The objective will be defined as the Mean Squared Error and the score as ${R}^{2}$.


* <font color='red'>(**?**)</font> Will the best model loss wise will be the model with the best score?  
  Explain specifically and generally (For other loss and scores).

## Train the Model

In [None]:
# Check GPU Availability

runDevice   = torch.device('cuda:0' if torch.cuda.is_available() else 'cpu') #<! The 1st CUDA device
oModel      = oModel.to(runDevice) #<! Transfer model to device

In [None]:
# Set the Loss & Score

hL = nn.MSELoss()
hS = R2Score(multioutput = 'uniform_average')
hS = hS.to(runDevice)

In [None]:
# Define Optimizer

oOpt = torch.optim.AdamW(oModel.parameters(), lr = 1e-4, betas = (0.9, 0.99), weight_decay = 1e-5) #<! Define optimizer

In [None]:
# Train the Model

oRunModel, lTrainLoss, lTrainScore, lValLoss, lValScore, _ = TrainModel(oModel, dlTrain, dlTest, oOpt, nEpochs, hL, hS)

In [None]:
# Plot Results
hF, vHa = plt.subplots(nrows = 1, ncols = 2, figsize = (12, 6))
vHa = vHa.flat

hA = vHa[0]
hA.plot(lTrainLoss, lw = 2, label = 'Train Loss')
hA.plot(lValLoss, lw = 2, label = 'Validation Loss')
hA.grid()
hA.set_title('Cross Entropy Loss')
hA.set_xlabel('Epoch Index')
hA.set_ylabel('Loss')
hA.legend();


hA = vHa[1]
hA.plot(lTrainScore, lw = 2, label = 'Train Score')
hA.plot(lValScore, lw = 2, label = 'Validation Score')
hA.grid()
hA.set_title('Accuracy Score')
hA.set_xlabel('Epoch Index')
hA.set_ylabel('Score')
hA.legend();

## Test Data Analysis 

This section runs the model on the test data and analyze results.

### Test Data Results

In [None]:
# Run on Test Data
lYY     = []
lYYHat  = []
with torch.inference_mode():
    for tXX, vYY in dlTest:
        tXX = tXX.to(runDevice)
        lYY.append(vYY)
        lYYHat.append(oModel(tXX))

vYY    = torch.cat(lYY, dim = 0).cpu().numpy()
vYYHat = torch.cat(lYYHat, dim = 0).cpu().numpy()
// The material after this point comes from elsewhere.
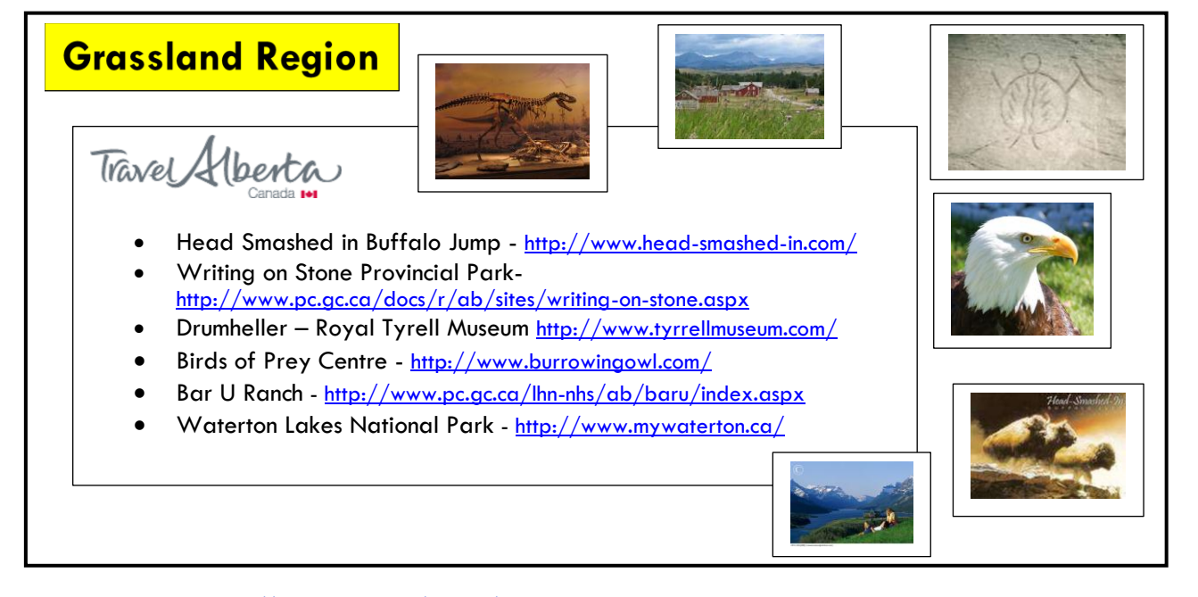
IMAGE SOURCE PAGE: http://www.wingrider.net/Canada/Pagep54.htm IMAGE SOURCE PAGE: http://www.tripadvisor.ca/Attraction_Review-g815290-d536 IMAGE SOURCE PAGE: http://www.absoluteastronomy.com/topics/Writing-on-Stone IMAGE SOURCE PAGE: http://canadabadlands.com/2010/02/highlights-of-our-can IMAGE SOURCE PAGE: http://www.visualphotos.com/image/1x5601435/waterton_ IMAGE SOURCE PAGE: http://photobucket.com/images/Smashed+head/

IMAGE SOURCE PAGE: http://www.irrigationsaskat chewan.com/ICDC/forage.h tm

* <font color='brown'>(**#**)</font> One could run the above using `mXTest`.  
  The motivation is to show the general way which can handle large data set.

In [None]:
# Plot Regression Result

# Plot the Data

scoreR2 = hS(torch.tensor(vYY), torch.tensor(vYYHat))

hF, hA = plt.subplots(figsize = (14, 5))
hA = PlotRegressionResults(vYY, vYYHat, hA = hA)
hA.set_title(f'Test Data Set, R2 = {scoreR2:0.2f}')
hA.grid()
hA.set_xlabel('Input Frequency')
hA.set_ylabel('Estimated Frequency');

* <font color='red'>(**?**)</font> Can you find where the model struggles?
* <font color='red'>(**?**)</font> Can it handle shorter signals? For examples 200 samples. How?
* <font color='red'>(**?**)</font> How will it generalize to cases with frequency above `maxFreq`?

### Extended Test Set

This section shows the performance of the model on data with frequencies spanned on the range `[0, 2 * maxFreq]`.

In [None]:
# Generate Data

mXTest, vYTest = GenHarmonicData(numSignalsTest, numSamples, samplingFreq, 2 * maxFreq, σ)  #<! Test Data

In [None]:
# Run on Test Data

with torch.inference_mode():
    vYTestHat = oModel(mXTest.view(numSignalsTest, 1, -1).to(runDevice))

vYTestHat = vYTestHat.cpu()

In [None]:
# Plot Regression Result

# Plot the Data

scoreR2 = hS(vYTest, vYTestHat)

hF, hA = plt.subplots(figsize = (14, 5))
hA = PlotRegressionResults(vYTest.cpu().numpy(), vYTestHat.cpu().numpy(), hA = hA)
hA.set_title(f'Test Data Set, R2 = {scoreR2:0.2f}')
hA.grid()
hA.set_xlabel('Input Frequency')
hA.set_ylabel('Estimated Frequency');

* <font color='red'>(**?**)</font> Why does the model perform poorly?
* <font color='brown'>(**#**)</font> DL models do extrapolate and able to generalize (Think model which plays Chess).  
  Yet in order to generalize, the model loss and architecture has to built accordingly.  
  For most common cases, one must validate the train set matches the production data.